Un jury fédéral a donné raison au groupe internet Google dans le procès l'opposant au groupe Oracle, propriétaire du langage de programmation Java, en déterminant qu'il ne s'était pas rendu coupable de violation de brevets.
Dix jurés réunis par un tribunal fédéral à San Francisco (Californie, ouest) ont conclu à l'unanimité qu'Oracle n'avait pas prouvé que le système d'exploitation Android de Google, destiné aux téléphones et tablettes, représentait une violation des brevets de Java.
"Nous sommes reconnaissants du verdict du jury", a réagi l'avocat de Google Robert Van Nest en quittant la salle d'audience.
Le principal avocat d'Oracle n'a fait aucun commentaire.
Oracle, qui a acquis en janvier 2010 Sun Microsystems, l'inventeur du langage Java, demandait à Google d'arrêter d'utiliser cette technologie et lui réclamait le paiement de dommages et intérêts, considérant que "la +base+ du système d'exploitation Android consist(ait) en des applications Java".
Mais selon Google, le groupe Sun Microsystems, du temps où il était indépendant, avait déclaré que Java serait en code ouvert, avait permis à tous les développeurs de l'utiliser et avait commencé à en publier le code-source en 2006-2007.
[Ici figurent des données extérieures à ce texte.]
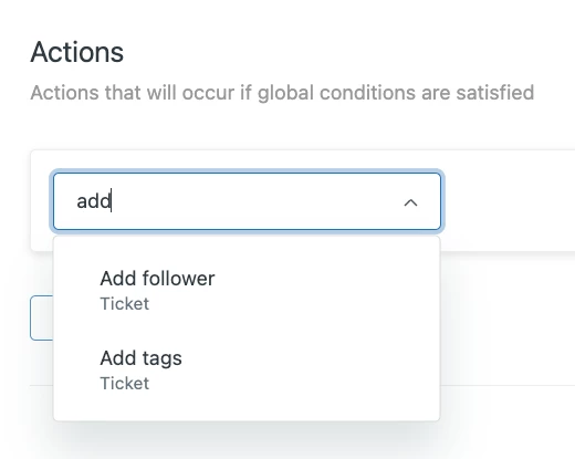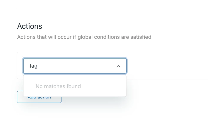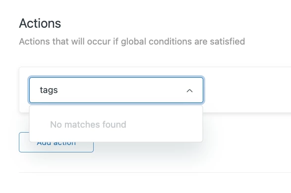 For example, I went to create a trigger whose action would add a tag. Typically I would open the action dropdown and just type 'tag or 'tags' and get a list of all actions that contain that word.

Plusieurs experts sollicités par l'AFP ont souligné qu'il s'agissait d'une grande victoire pour Google: le groupe "devrait mettre des confettis sur son moteur de recherche", a commenté un avocat washingtonien spécialiste des brevets, Robert Stoll.
"Il semble que Google ait encore esquivé une très grave remise en cause de l'un de ses produits, liée à la propriété intellectuelle, un coup gagnant de plus après des contentieux sur son moteur de recherche, son moteur de recherches d'images et d'autres produits", a précisé le professeur de droit Brian Love, à l'université Stanford.
"C'est pratiquement un désastre pour Oracle", a ajouté M. Love, notant que même s'il fait appel, Oracle ne pourrait rien obtenir avant plus d'un an au moins.
Les jurés ont délibéré pendant près de sept jours pour arriver à ce verdict.
Au début du mois, dans le cadre de la première partie de ce procès, ils avaient livré un verdict mitigé sur la question de savoir si Google avait empiété sur les droits d'auteur d'Oracle: ils avaient estimé que Google s'était certes rendu coupable d'infraction aux droits d'auteur, mais qu'il avait eu des raisons de penser qu'il était dans son droit.
Ils n'avaient pas pu se mettre d'accord pour savoir si Google avait fait un "usage loyal" d'un partie du programme Java, qui appartient à Oracle depuis 2010.
En cas d'"usage loyal" avéré, Oracle n'aurait droit à aucun dédommagement.
Dans le cas contraire, s'agissant seulement d'une infraction sur les droits d'auteur et non de violation d'un brevet, la législation prévoit un dédommagement modeste, "qui ne suffira peut-être pas à couvrir les frais de deux jours de travail des avocats d'Oracle", selon M. Love.
Le juge William Alsup chargé du dossier a renvoyé les jurés chez eux plutôt que d'aborder dans la foulée une phase du procès qui aurait été consacrée aux dédommagements éventuels.
Google a déjà réclamé l'annulation de la partie du procès portant sur les droits d'auteur.
De son côté, le juge Alsup s'est réservé le droit de déterminer si les interfaces de programmation au centre de la première phase du procès pouvaient même être soumises à droits d'auteur. Il pourrait trancher cette question dès la semaine prochaine.
Ce procès a été extrêmement suivi dans la Silicon Valley, où le recours à la législation sur les droits d'auteur pour des interfaces de programmation était jugé inhabituel.
"Les deux parties ont gaspillé d'énormes ressources qui auraient pu être consacrées à l'innovation. C'est un triste message sur le point où on en est arrivé dans les poursuites liées à la propriété intellectuelle", a regretté Julie Samuels, de l'association Electronic Frontier Foundation.